• [PROMPT]:
From the line that contains "The funniest man" through the last line of the data, copy everything exactly and nothing else, omitting the pictures.

• [PROVIDED RECORDS]:
_ _ _

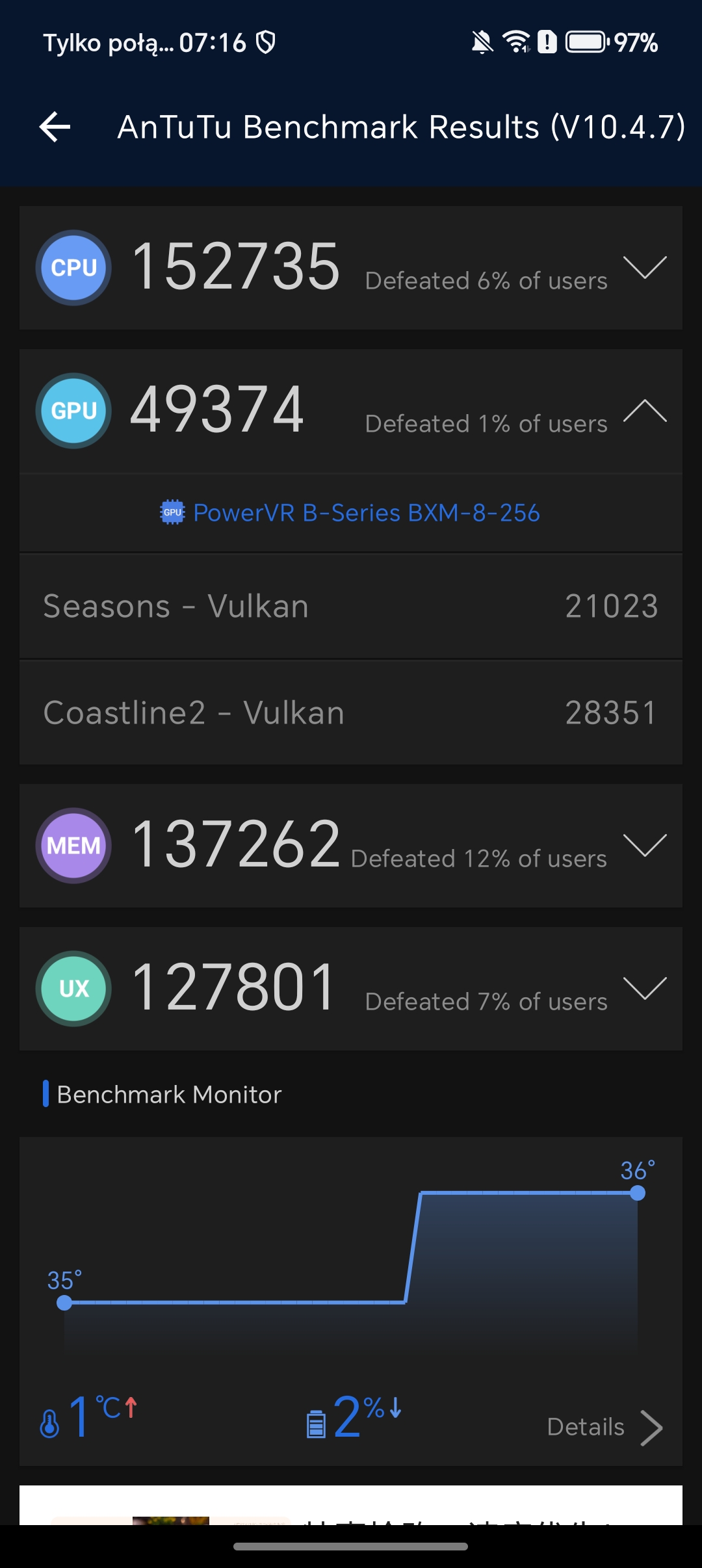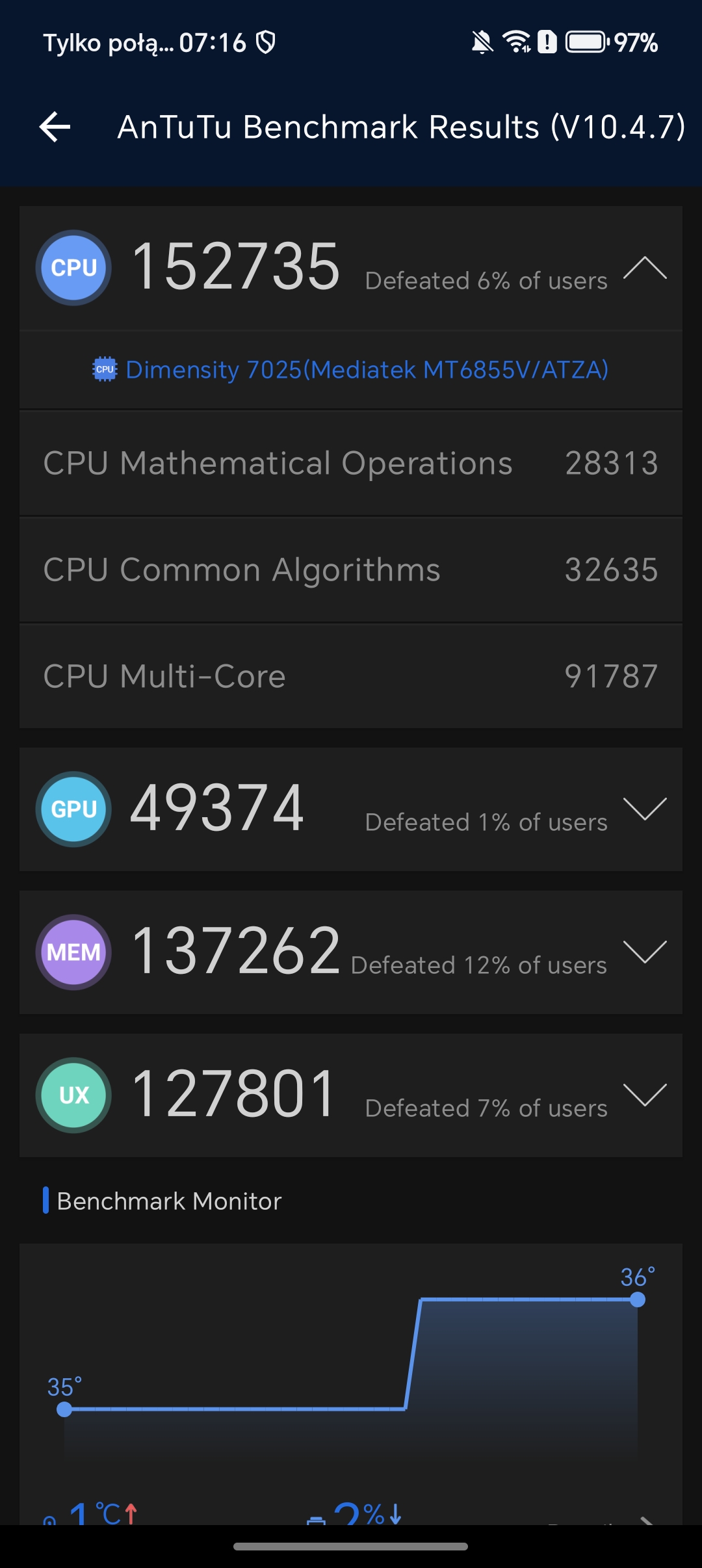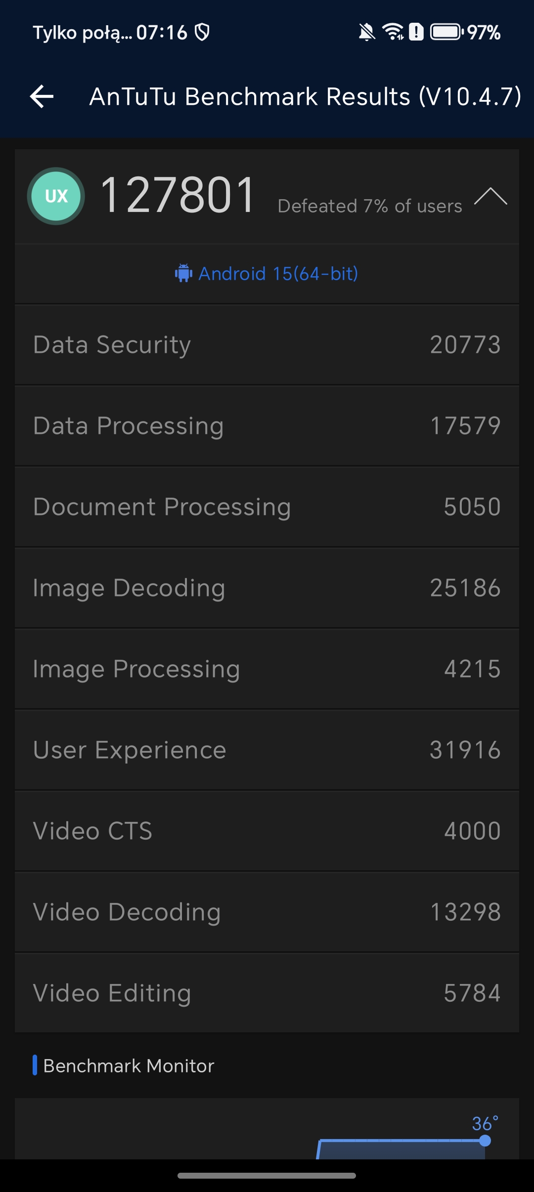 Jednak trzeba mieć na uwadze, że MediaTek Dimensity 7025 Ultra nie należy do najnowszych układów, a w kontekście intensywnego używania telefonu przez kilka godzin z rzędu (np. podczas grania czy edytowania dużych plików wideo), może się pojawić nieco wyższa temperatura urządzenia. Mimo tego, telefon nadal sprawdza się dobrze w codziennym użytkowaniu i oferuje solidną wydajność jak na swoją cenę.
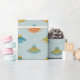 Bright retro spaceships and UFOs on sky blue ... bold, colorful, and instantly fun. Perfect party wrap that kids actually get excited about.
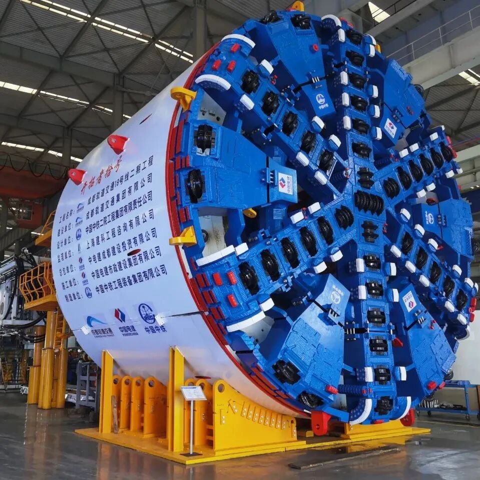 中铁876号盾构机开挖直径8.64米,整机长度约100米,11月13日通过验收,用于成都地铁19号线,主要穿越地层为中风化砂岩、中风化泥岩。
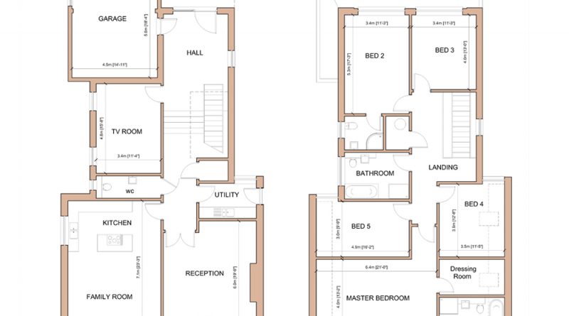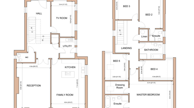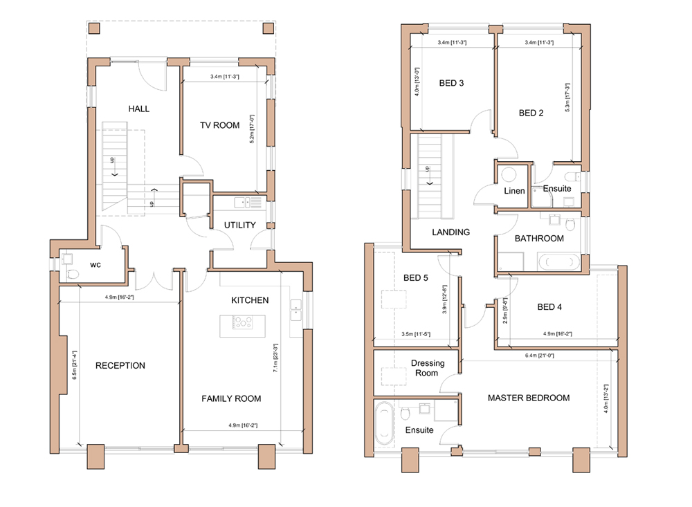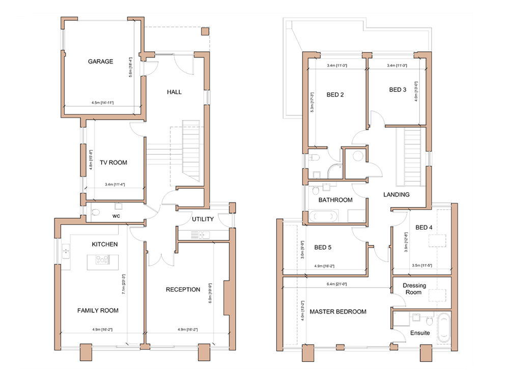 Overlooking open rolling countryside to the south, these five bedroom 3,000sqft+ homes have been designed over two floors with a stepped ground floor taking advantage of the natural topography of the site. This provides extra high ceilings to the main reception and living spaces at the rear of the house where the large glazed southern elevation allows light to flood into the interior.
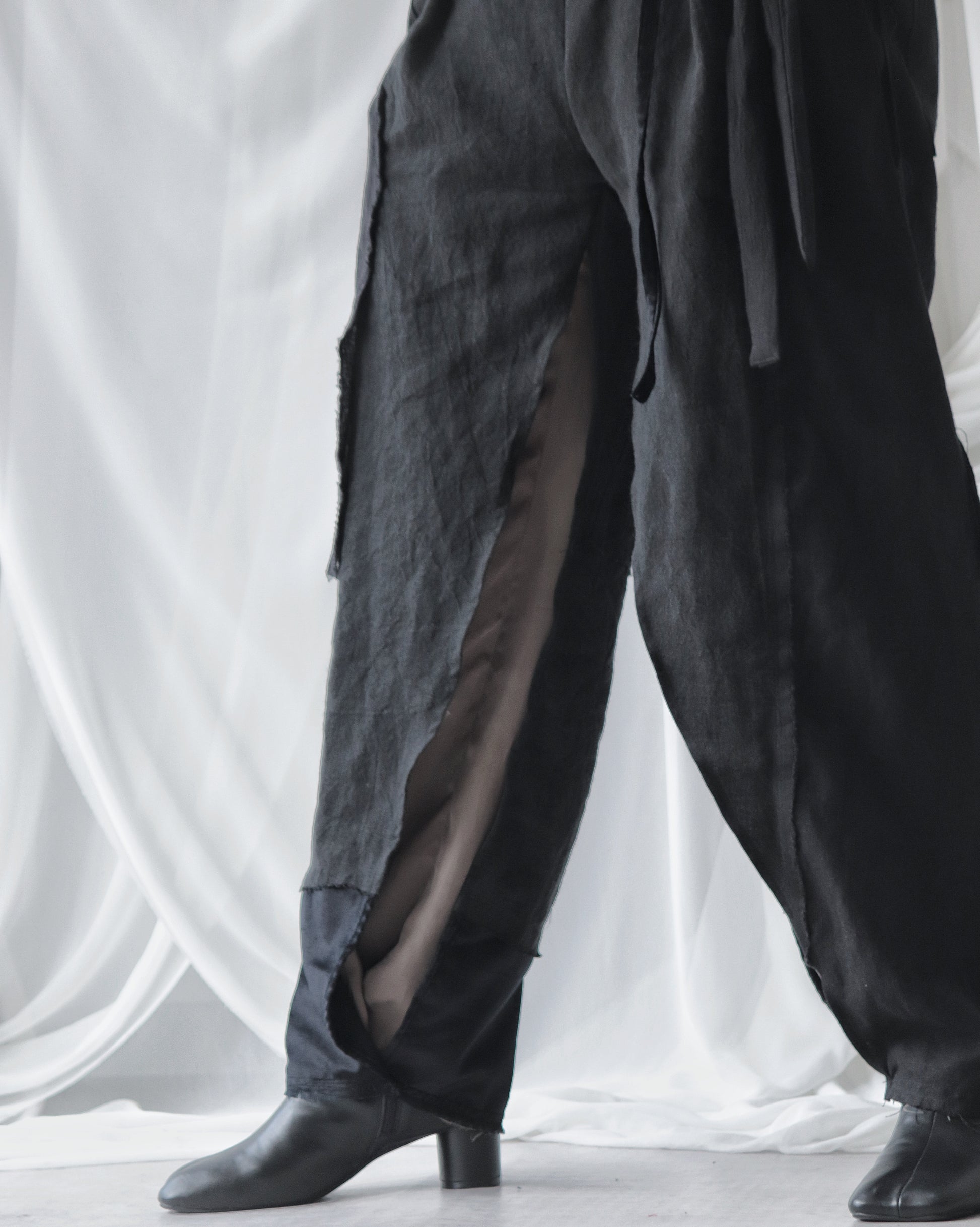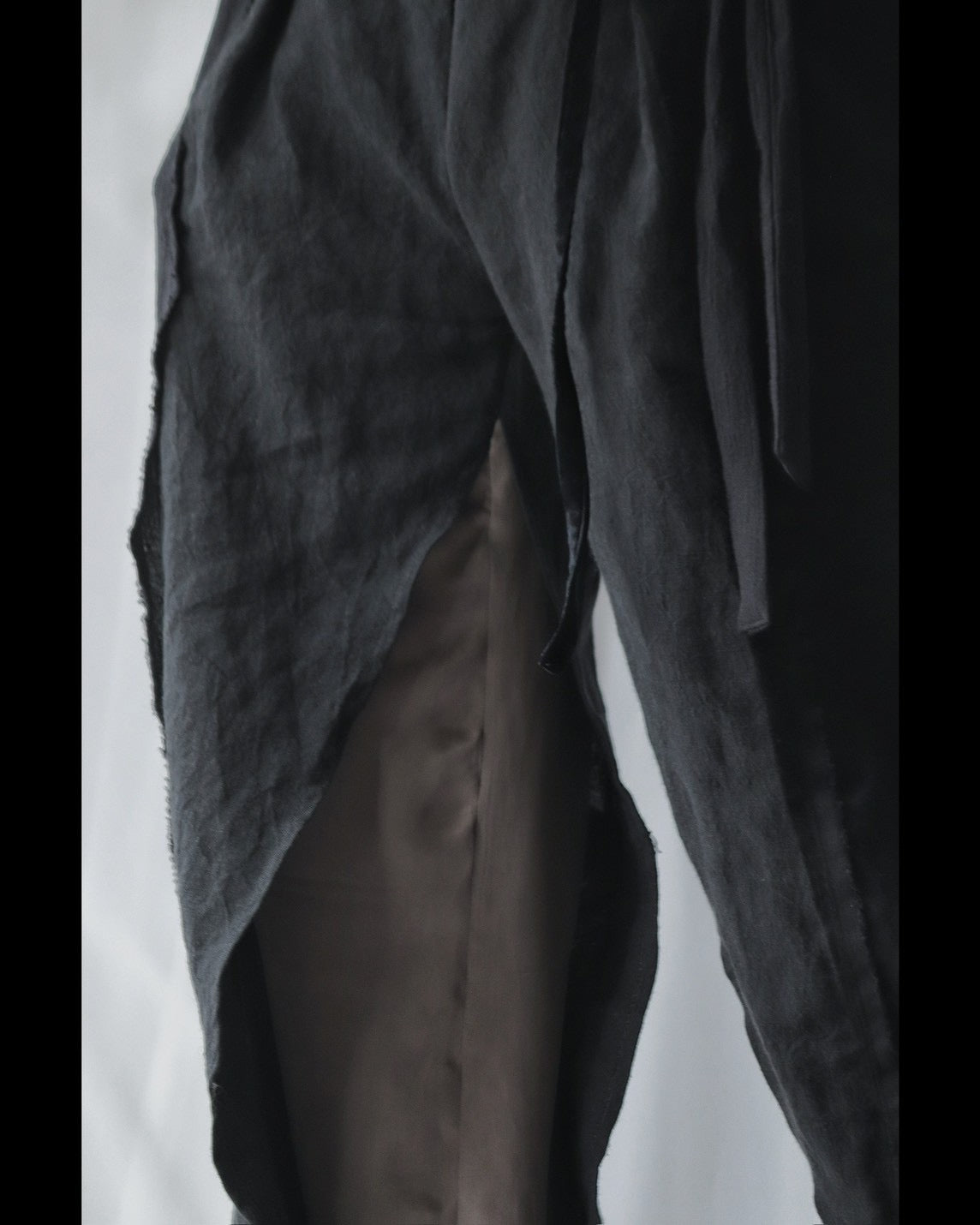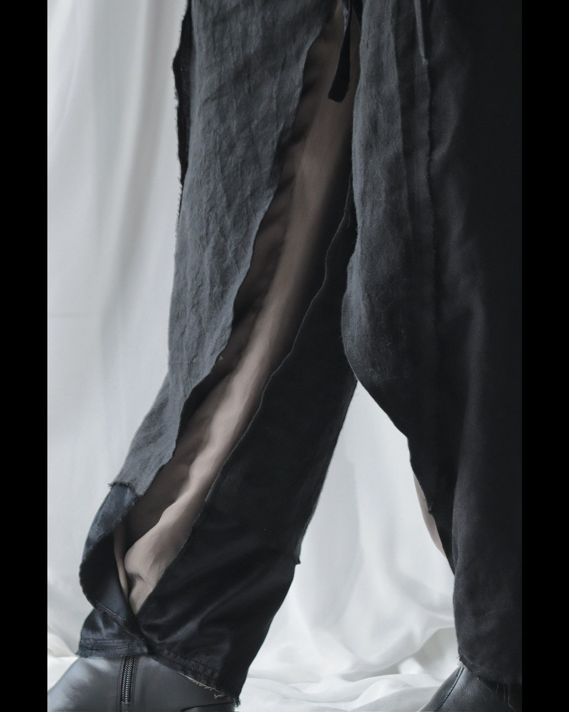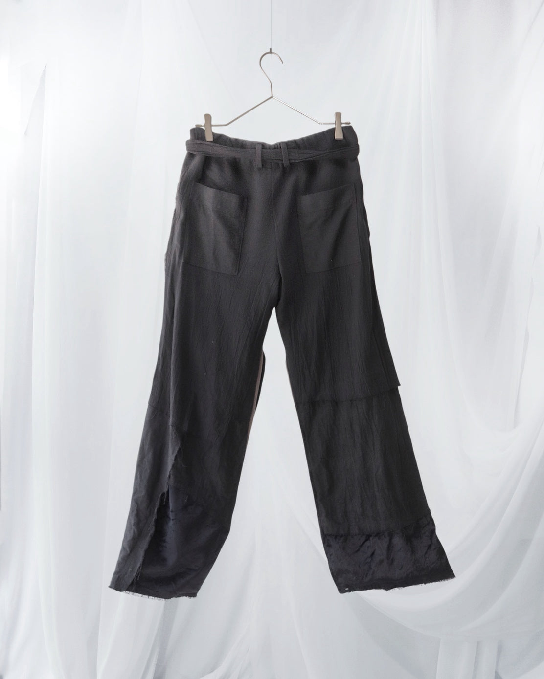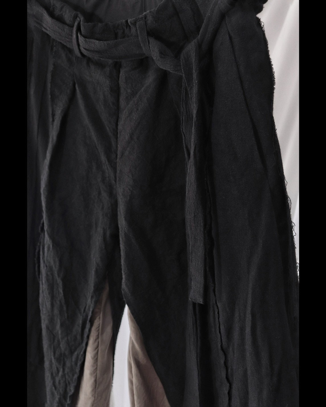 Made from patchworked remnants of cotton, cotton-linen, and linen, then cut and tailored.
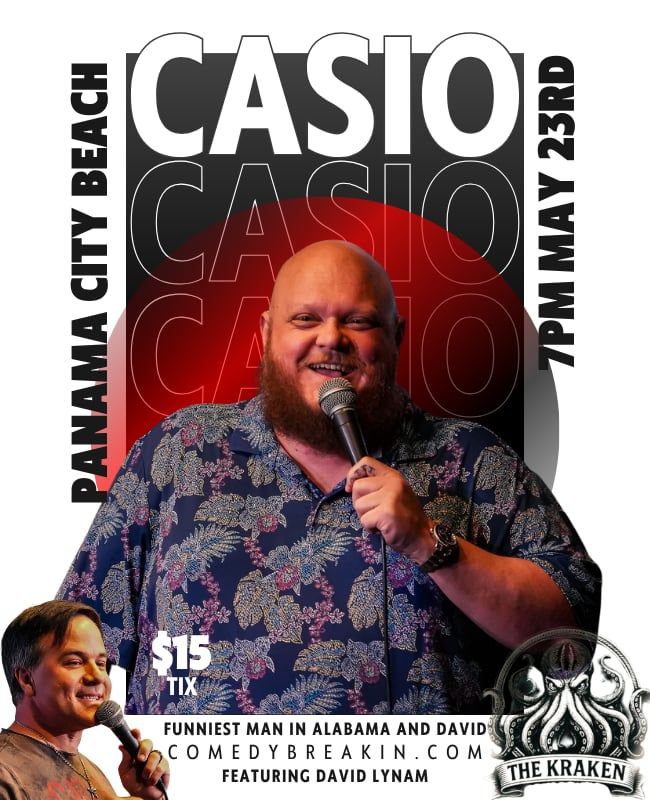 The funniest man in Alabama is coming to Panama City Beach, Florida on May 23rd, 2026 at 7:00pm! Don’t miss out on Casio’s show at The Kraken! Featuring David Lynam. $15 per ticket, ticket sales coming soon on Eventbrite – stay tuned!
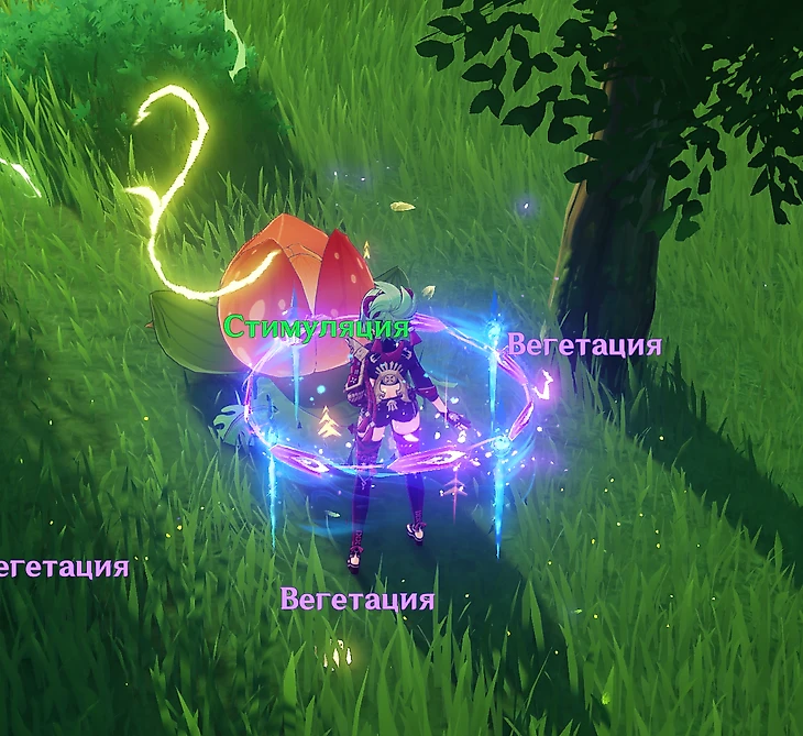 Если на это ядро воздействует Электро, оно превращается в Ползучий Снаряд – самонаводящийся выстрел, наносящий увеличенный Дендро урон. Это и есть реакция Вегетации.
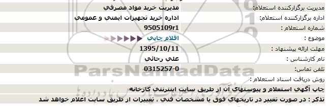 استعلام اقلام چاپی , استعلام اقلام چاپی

_ _ _

• [WRITTEN SOLUTION]:
 The funniest man in Alabama is coming to Panama City Beach, Florida on May 23rd, 2026 at 7:00pm! Don’t miss out on Casio’s show at The Kraken! Featuring David Lynam. $15 per ticket, ticket sales coming soon on Eventbrite – stay tuned!
 Если на это ядро воздействует Электро, оно превращается в Ползучий Снаряд – самонаводящийся выстрел, наносящий увеличенный Дендро урон. Это и есть реакция Вегетации.
 استعلام اقلام چاپی , استعلام اقلام چاپی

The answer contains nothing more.